A obesidade está fortemente intrincada na sua gênese e decorrências, assim, evitando-se o ganho excessivo de massa corpórea gorda, com dieta equilibrada e exercícios físicos planejados, poderemos evitar e/ou postergar o seu aparecimento.

E o mais importante : evitando SOFRIMENTO E DEPENDÊNCIA...DO OUTRO. Os cuidados paliativos com pacientes cronicamente debilitados é algo muito penoso no nosso país.

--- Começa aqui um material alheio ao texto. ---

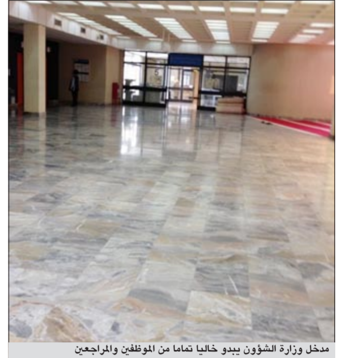
مدخل وزارة الشؤون يبدو خاليا تماما من الموظفين والمراجعين

حج، لافتين إلى أن الغياب نسبة كبيرة منه مبررة، أما الغياب غير المبرر فسيتم التعامل معه وفق الأطر القانونية.
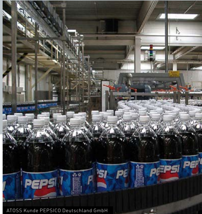
ATOSS Kunde PEPSICO Deutschland GmbH

In diesem Zuge erhöhten die Analysten der SES Research am 23.03.2007 bei gleichem Kursziel ihr Rating auf „Kaufen“ und insbesondere vor dem Hintergrund der Hauptversammlung und der vorgeschlagenen Dividende von 0,24 € erholte sich der Kurs bis zur Hauptversammlung.
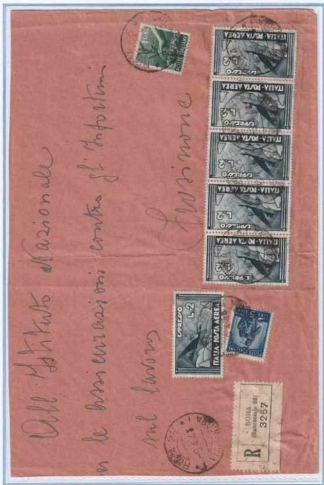
08/04/1946 - Lettera 2 porti raccomandata tariffa 18 L. (8 L. di 2 porti di lettera e 10 L. di raccomandazione) da Roma a Frosinone. Non comune l'uso multiplo del valore espresso aereo.

O excesso de açúcar no sangue, o que costumo explicar e denominar figurativamente de "sangue docinho" , funciona como um "envenenamento crônico, silencioso e voraz" de todas as grandes e pequenas artérias do organismo (endotélio), o que leva à morte celular acelerada por "oxidação" em diversos órgãos; as mais afetadas são as artérias da RETINA (Cegueira ), as dos RINS (Insuficiência Renal), as do CORAÇÃO (anginas, infartos e insuficiência cardíaca), as do CÉREBRO (AVCs, principalmente isquêmicos , transitórios ou não; e DOENÇA CÉREBROVASCULAR com manifestações demenciais -muitas das quais com situações psiquiátricas inadministráveis!- as artérias dos ORGÃOS GENITAIS (impotência sexual), as DOS INTESTINOS (infartos intestinais), as dos MEMBROS INFERIORES (Insuficiência arterial periférica (dor intensa na caminhada), pés diabéticos, úlceras neuropáticas por perda da sensibilidade das plantas dos pés e, por vezes, necessidade de amputações) ; disautonomias várias, porque o açucareiro no sangue corrente machuca os micro-vasos dos micro- nervos responsáveis pela manutenção dos nossos sinais vitais como: frequência cardíaca, tônus vascular e manutenção da pressão arterial sistêmica. Não é pouco...convenhamos.

O assunto é sério e, sinceramente, espero ter esclarecido a quem me lê o que o personagem da minha crônica tão tristemente nos confirmou. DIABETES II PODE SER PIOR QUE CANCER.

A finalidade não é, absolutamente, assustar e sim conscientizar.

A prevenção do DIABETES MELITO II está nas nossas mãos.

Essa é a melhor notícia diante dum cenário epidemiológico tão triste.